BasicAgent

LLM Workflow Reliability: Concurrency, Timeouts, Retries, Traceability

Reliability playbook for LLM and agent pipelines—bounded concurrency, hard timeouts, jittered retries, sandbox-to-promote gating, and traceable spans grounded in Multi-Agent-COT-Prompting.

Long-running agent pipelines (30–180 minutes) need hard controls, not hope. Reliability is a systems problem: concurrency caps, deterministic timeouts, retries with jitter, streaming-safe parsing, and traceable runs with run IDs and Layered-CoT checkpoints.

Reliability checklist

Bounded concurrency: cap in-flight calls to avoid 429 storms.
Hard timeouts: connect, read, and total deadlines.
Retry + jitter: only for transient errors (429/5xx/network).
Streaming-safe: parse SSE (data: {...} and data: [DONE]).
Sandbox → promote: run experiments in sandbox, promote only validated outputs.
Audit + traces: keep run_id + trace_id per span.

Code: reliable client call with gates

import asyncio, os
from nohang_client import NoHangClient

async def run_once(prompt: str):
    async with NoHangClient(
        base_url="https://api.openai.com/v1",
        api_key=os.environ["OPENAI_API_KEY"],
        default_model="gpt-4o-mini",
        max_concurrent=12,
        timeout_total=180,
        max_retries=3,
    ) as client:
        text = await client.chat(
            [{"role":"user","content":prompt}],
            stream=True,
            max_tokens=256,
        )
        return text

# Sandbox → promote guardrail
async def guarded(prompt):
    draft = await run_once(prompt)
    verdict = validate(draft)  # your Layered-CoT or eval here
    return draft if verdict.ok else fallback_response()

asyncio.run(guarded("Summarize today’s incidents in 3 bullets."))

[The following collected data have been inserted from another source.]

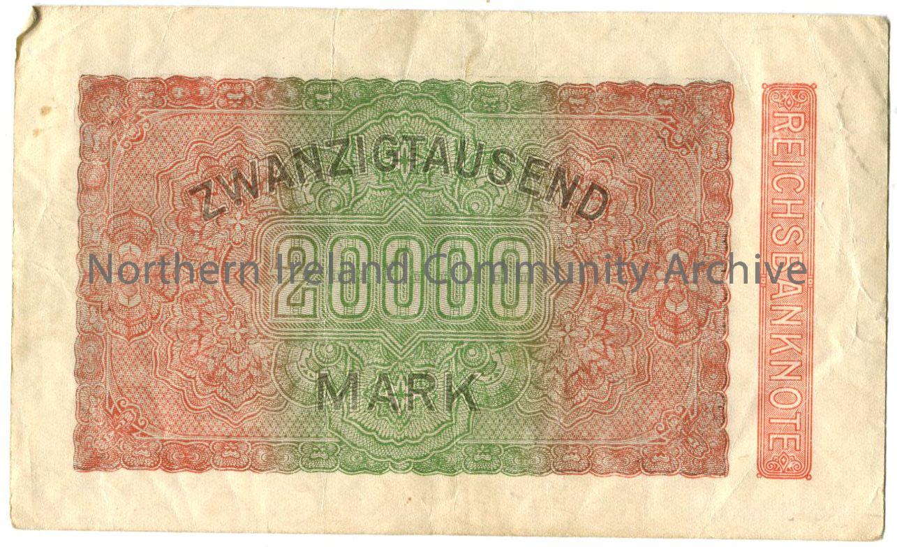 Banknote 20000 German Mark. Red and green stripe on a cream background with an intricate black border. Zwanzigtausend Mark written in Gothic style writing.
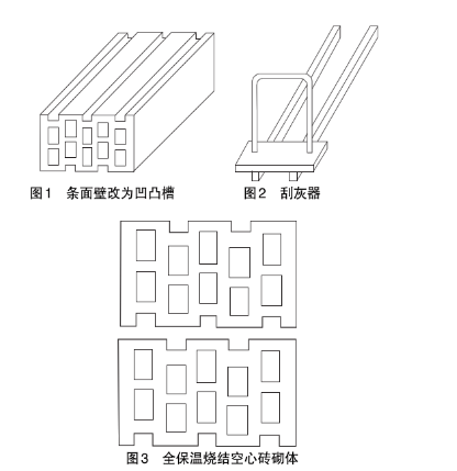 全保溫燒結空心磚是一種創新產品,是基于200mm*240mm*115mm保溫磚結構上的改進,磚體結構內肋占17.4%,切斷冷熱橋能起到降低溫差,磚的條面壁占20.8%,墻體的砌筑砂漿10mm占8.6%,把這29.4%的冷熱橋取消,將條面壁改為凹凸槽,墻體砌筑時,將刮灰器往后移去,磚與砂漿就形成了一組相連的排孔砌體,該砌體的熱阻R=0.63(m2·K)/W,墻體的傳熱系數K=1.22W(m2·K),該產品可以用于夏熱冬冷地區和經濟適用房及農村住房不用內外保溫的建筑,可以節省造價。用于寒冷地區和嚴寒地區時,墻體要進行內外保溫,也可以節省部分費用。
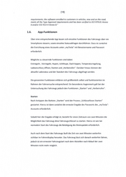 [18] requirements; the software enrolled to customers in vehicles, new and on the road, meets all the Type Approval requirements and has been verified to ECE R79.01 Annex 6 and/or ECE R13-H Annex 8." 1.6. App-Funktionen Über eine entsprechende App lassen sich einzelne Funktionen des Fahrzeugs über ein Smartphone steuern, sowie einzelne Statusabfragen durchführen . Dazu ist zunächst die Einrichtung eines Accounts unter „ myTesla " mit Benutzername und Passwort erforderlich . Mögliche zu steuernde Funktionen sind dabei : Entriegeln, Verriegeln, Hupen, Lichthupe, Dach kippen, Temperaturregelung, Ladeanschlus~ öffnen, Starten und „ Herbeirufen ". Darüber hinaus können der aktuelle Ladestatus und der Standort des Fahrzeugs abgefragt werden . Die genannten Funktionen erklären sich größtenteils selbst und funktionierten im Rahmen der Fahrversuche entsprechend . Ein besonderes Augenmerk galt bei der Untersuchung des Fahrzeugs jedoch den Funktionen „ Starten " und „ Herbeirufen ". Starten Nach Antippen des Buttons „Starten" wird der Prozess „Schlüsselloses Starten " gestartet. Hierzu ist dann zunächst die erneute Eingabe des Passworts des „ myTesla "- Accounts erforderlich . Sobald hier die Eingabe erfolgt ist, besteht für einen Zeitraum von zwei Minuten die Möglichkeit das Fahrzeug ohne Fahrzeugschlüssel zu starten . Hierzu ist wie bei normalem Start des Fahrzeugs die Betätigung des Bremspedals erforderlich . Auch nach dem Start des Fahrzeugs läuft die Zeit von zwei Minuten weiterhin sichtbar im Fahrerdisplay herunter. Das Fahrzeug lässt sich danach weiterhin fahren , jedoch ist ein erneuter Fahrzeugstart nach dem Abstellen nach Ablauf der zwei Minuten nicht mehr möglich .
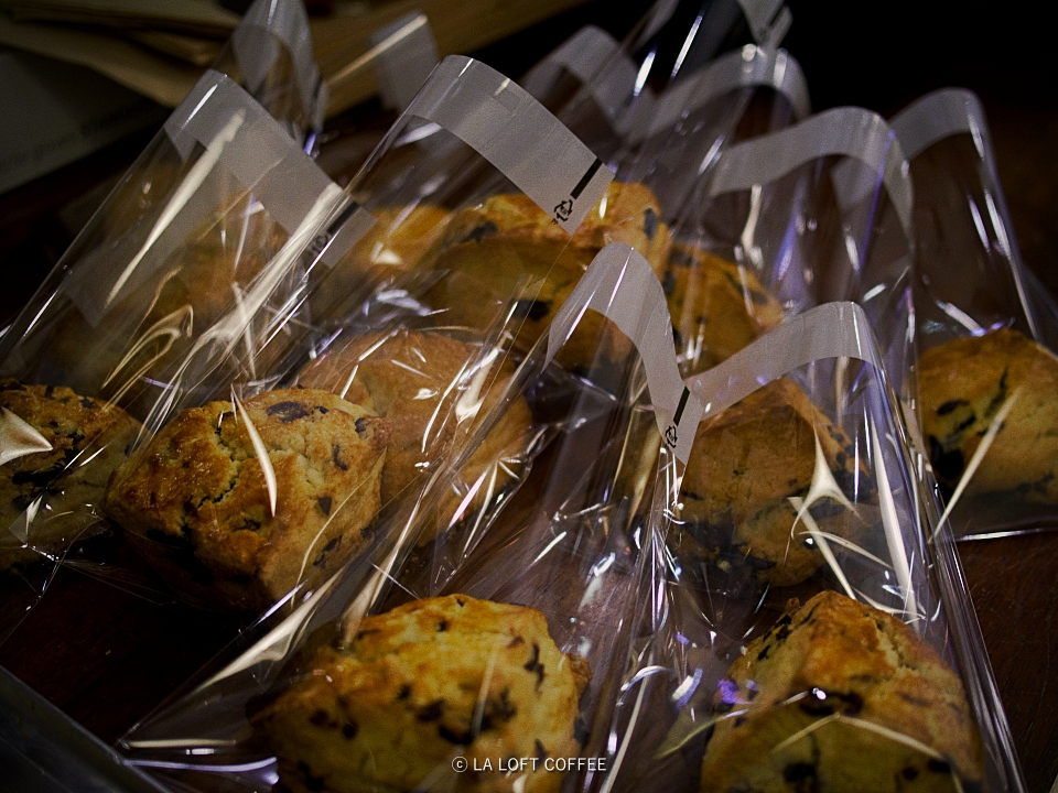 스콘 생산후 충분히 식힌 다음 포장하여 진열합니다. 포장 안 한 상태로 진열하는 게 보기에는 좋지만 스콘의 상태나 위생에는 별로 좋지 못하여 저희는 바로 포장하고 있습니다.

How it maps to the COT repo

Layered-CoT: use layered validation on sandbox outputs before promotion.
Orchestrator: route intents to the right agent and attach risk classes (see simple-orchestrator/orchestrator.py).
Sandbox-promote pattern: separate creative generation from validated delivery.

Observability hooks

Emit per-call metrics: latency_ms, retries, timeout_count.
Trace spans: role, prompt template version, model, token counts.
Log verdicts from validation (pass/fail + reason). See /ai-observability/ for schema ideas.